_WORK INSTRUCTION_
Among the lines below, output only those between the line holding "TUTTOSPORT MANDZUKIC –" and the line holding "striking image from", inclusive, exactly as written and with no pictures.

_MATERIALS PROVIDED_
--- START ---

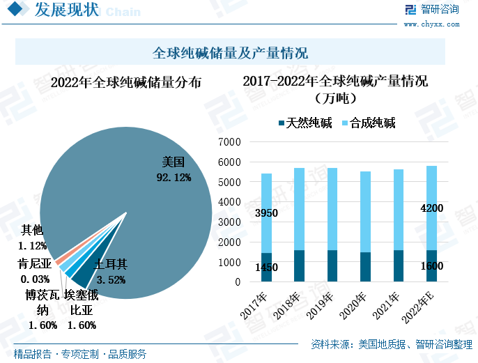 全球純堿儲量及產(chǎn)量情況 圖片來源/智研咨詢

--- END ---
--- START ---

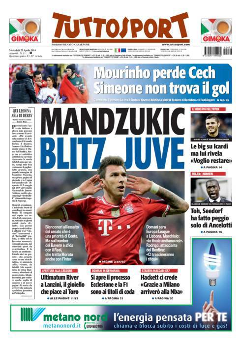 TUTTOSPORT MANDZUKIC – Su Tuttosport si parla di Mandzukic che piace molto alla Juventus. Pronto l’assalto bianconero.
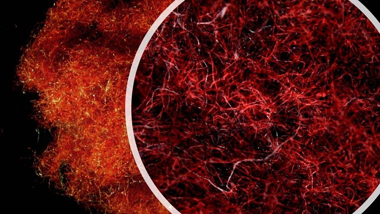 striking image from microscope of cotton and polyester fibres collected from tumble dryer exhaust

--- END ---

_TASK OUTPUT_
 TUTTOSPORT MANDZUKIC – Su Tuttosport si parla di Mandzukic che piace molto alla Juventus. Pronto l’assalto bianconero.
 striking image from microscope of cotton and polyester fibres collected from tumble dryer exhaust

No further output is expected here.